France-based nuclear start-up Naarea (Nuclear Abundant Affordable Resourceful Energy for All) Naarea has opened its industrial test facility and laboratory, the I-Lab, in Cormeilles-en-Parisis. This 2,400 m2 site will be used to conduct non-nuclear tests and experiments to support the development of its XAMR microreactor.
Naarea, founded in 2020 by Jean-Luc Alexandre and Ivan Gavriloff, is developing the XAMR (eXtrasmall Advanced Modular Reactor), a molten salt fast neutron micro-generator (40MWe or 80MWt). The company has received support from the French Alternative Energies & Atomic Energy Commission (CEA) and CNRS, as well as industry players such as Assystem, Dassault Systèmes, Orano and Framatome.
I-Lab will host a team of around 20 Naarea engineers as well as experimentation facilities to validate the non-nuclear environment of the technologies that will be used in Naarea’s microreactors (pumps, gas systems, materials, valves, chemical processes, sensors, actuators, etc.) and their modes of operation.
The facility will have three main areas:
- An industrial area for the production of coolant salts, prototyping, assembly and automated tests, and the validation of the future digital architecture of Naarea’s production facilities.
- A testing area dedicated to the operation of experimentation facilities designed to validate the thermohydraulic components for the XAMR. These facilities will primarily include test loops and testbeds on various scales.
- An area composed of three specialised laboratories: a materials laboratory dedicated to studying corrosion and mechanical behaviour; a chemistry and analysis laboratory for the development of methods, processes and analysis of materials and their level of purity; a gas laboratory for the development of the XAMR gas systems (filtration of noble gases, drying of inerting gases, enrichment and treatment of chlorine gases, etc.).
The testing area will support the testing and validation of the ALIS project instrumentation.

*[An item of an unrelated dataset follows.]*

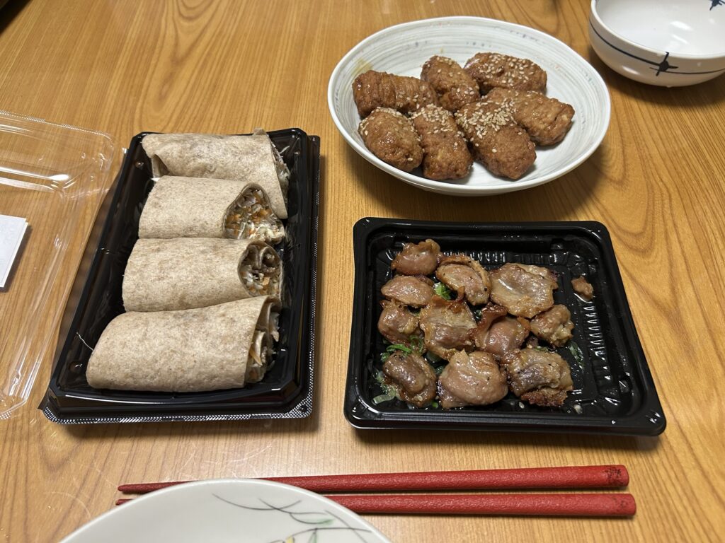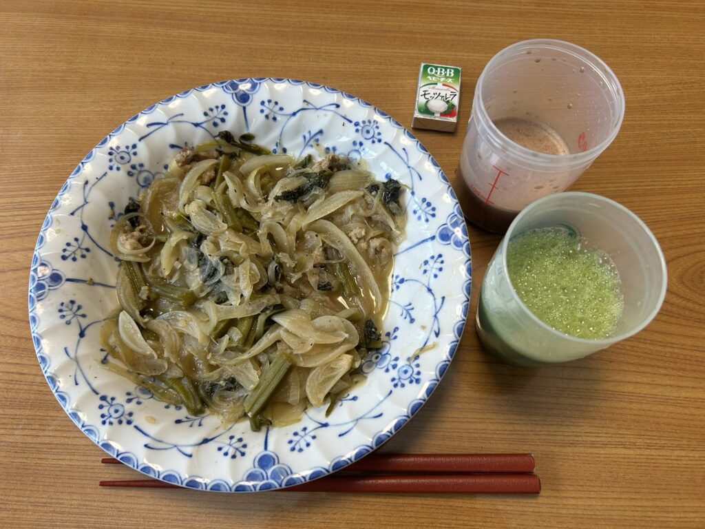 緑のお野菜少なめです。大麦若葉ドリンクと、ちゃんと野菜も食べたいところ。明日から気をつけよう!

ALIS is a joint project undertaken by Naarea, CNRS-IJCLab and iUMTEK which was granted support from France 2030 and the Île-de-France Region for its first phase. Its aim is to develop analytical tools that will help ensure maximum safety and optimised control of the future XAMR microreactor.
Tests conducted using the full-size test loops at the I-Lab will be used to validate the studies and calculations performed by the engineering teams, test innovative processes and materials and develop the technical documentation being prepared for the French Authority for Nuclear Safety and Radiation Protection (ASNR – L’Autorité de sûreté nucléaire et de radioprotection. ASNR began operation on 1st January 2025. It is the result of the merger of the Autorité de sûreté nucléaire (ASN) and the Institut de radioprotection et de sûreté nucléaire (IRSN).